Here we abstract while away with our loop function – it looks for a special recur type to keep the loop running. When a non-recur type is encountered, the loop is finished and the result of the computation is returned
const recur = (...args) =>
({ type: recur, args })
const loop = f =>
{
let acc = f ()
while (acc.type === recur)
acc = f (...acc.args)
return acc
}
const repeat = $n => f => x =>
loop ((n = $n, acc = x) =>
n === 0
? acc
: recur (n - 1, f (acc)))
const inc = x =>
x + 1
const fibonacci = $n =>
loop ((n = $n, a = 0, b = 1) =>
n === 0
? a
: recur (n - 1, b, a + b))
console.log (repeat (1e7) (inc) (0)) // 10000000
console.log (fibonacci (100)) // 354224848179262000000
for (let i of Array(100).keys()) {
console.log(i)
}
Here is another good alternative:
Array.from({ length: 3}).map(...);
Preferably, as #Dave Morse pointed out in the comments, you can also get rid of the map call, by using the second parameter of the Array.from function like so:
Array.from({ length: 3 }, () => (...))
I think the best solution is to use let:
for (let i=0; i<100; i++) …
That will create a new (mutable) i variable for each body evaluation and assures that the i is only changed in the increment expression in that loop syntax, not from anywhere else.
I could kind of cheat and make my own generator. At least i++ is out of sight :)
That should be enough, imo. Even in pure languages, all operations (or at least, their interpreters) are built from primitives that use mutation. As long as it is properly scoped, I cannot see what is wrong with that.
You should be fine with
function* times(n) {
for (let i = 0; i < n; i++)
yield i;
}
for (const i of times(5)) {
console.log(i);
}
But I don't want to use the ++ operator or have any mutable variables at all.
Then your only choice is to use recursion. You can define that generator function without a mutable i as well:
function* range(i, n) {
if (i >= n) return;
yield i;
return yield* range(i+1, n);
}
times = (n) => range(0, n);
But that seems overkill to me and might have performance problems (as tail call elimination is not available for return yield*).
I think it is pretty simple:
[...Array(3).keys()]
or
Array(3).fill()
const times = 4;
new Array(times).fill().map(() => console.log('test'));
This snippet will console.log test 4 times.
Answer: 09 December 2015
Personally, I found the accepted answer both concise (good) and terse (bad).

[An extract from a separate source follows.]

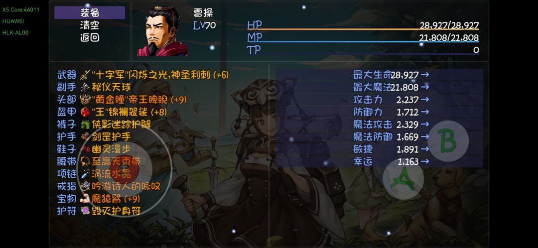 首先讲一下为什么不用钟碎片逃课大法 逃课属于投机取巧,并不属于真正实力做到的,我觉得RPG游戏主要的乐趣就是收集和搭配,如果通过逃课的方式拿到跨阶段的装备,那么就没有意义了,当然合理的搭配几个碎片去赌boss,也不失为一种技巧,但是我更喜欢堂堂正正的直面挑战(钟碎片有些败笔,应当改成当前生命值的百分之十,而不是最大生命值) 先上装备图 主c是曹操,两亿一动的泯灭,装备配置不算太难,都是65阶段的标

Appreciate this statement might be subjective, so please read this answer and see if you agree or disagree
The example given in the question was something like Ruby's:
x.times do |i|
do_stuff(i)
end
Expressing this in JS using below would permit:
times(x)(doStuff(i));
Here is the code:
let times = (n) => {
return (f) => {
Array(n).fill().map((_, i) => f(i));
};
};
That's it!
Simple example usage:
let cheer = () => console.log('Hip hip hooray!');
times(3)(cheer);
//Hip hip hooray!
//Hip hip hooray!
//Hip hip hooray!
Alternatively, following the examples of the accepted answer:
let doStuff = (i) => console.log(i, ' hi'),
once = times(1),
twice = times(2),
thrice = times(3);
once(doStuff);
//0 ' hi'
twice(doStuff);
//0 ' hi'
//1 ' hi'
thrice(doStuff);
//0 ' hi'
//1 ' hi'
//2 ' hi'
Side note - Defining a range function
A similar / related question, that uses fundamentally very similar code constructs, might be is there a convenient Range function in (core) JavaScript, something similar to underscore's range function.

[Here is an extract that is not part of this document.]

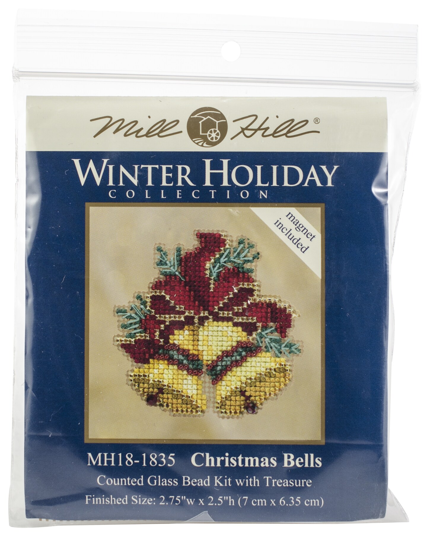 Mill Hill Counted Cross Stitch Ornament Kit 2.75"X2.5"-Christmas Bells-Perforated Paper

Create an array with n numbers, starting from x
Underscore
_.range(x, x + n)
ES2015
Couple of alternatives:
Array(n).fill().map((_, i) => x + i)
Array.from(Array(n), (_, i) => x + i)
Demo using n = 10, x = 1:
> Array(10).fill().map((_, i) => i + 1)
// [ 1, 2, 3, 4, 5, 6, 7, 8, 9, 10 ]
> Array.from(Array(10), (_, i) => i + 1)
// [ 1, 2, 3, 4, 5, 6, 7, 8, 9, 10 ]
In a quick test I ran, with each of the above running a million times each using our solution and doStuff function, the former approach (Array(n).fill()) proved slightly faster.
I am late to the party, but since this question turns up often in search results, I would just like to add a solution that I consider to be the best in terms of readability while not being long (which is ideal for any codebase IMO). It mutates, but I'd make that tradeoff for KISS principles.
let times = 5
while( times-- )
console.log(times)
// logs 4, 3, 2, 1, 0
Array(100).fill().map((_,i)=> console.log(i) );
This version satisifies the OP's requirement for immutability. Also consider using reduce instead of map depending on your use case.
This is also an option if you don't mind a little mutation in your prototype.
Number.prototype.times = function(f) {
return Array(this.valueOf()).fill().map((_,i)=>f(i));
};
Now we can do this
((3).times(i=>console.log(i)));
+1 to arcseldon for the .fill suggestion.
Not something I would teach (or ever use in my code), but here's a codegolf-worthy solution without mutating a variable, no need for ES6:
Array.apply(null, {length: 10}).forEach(function(_, i){
doStuff(i);
})
More of an interesting proof-of-concept thing than a useful answer, really.
If you're willing to use a library, there's also lodash _.times or underscore _.times:
_.times(x, i => {
return doStuff(i)
})
Note this returns an array of the results, so it's really more like this ruby:
x.times.map { |i|
doStuff(i)
}
Afaik, there is no mechanism in ES6 similar to Ruby's times method. But you can avoid mutation by using recursion:
let times = (i, cb, l = i) => {
if (i === 0) return;
cb(l - i);
times(i - 1, cb, l);
}
times(5, i => doStuff(i));
Demo: http://jsbin.com/koyecovano/1/edit?js,console
In the functional paradigm repeat is usually an infinite recursive function. To use it we need either lazy evaluation or continuation passing style.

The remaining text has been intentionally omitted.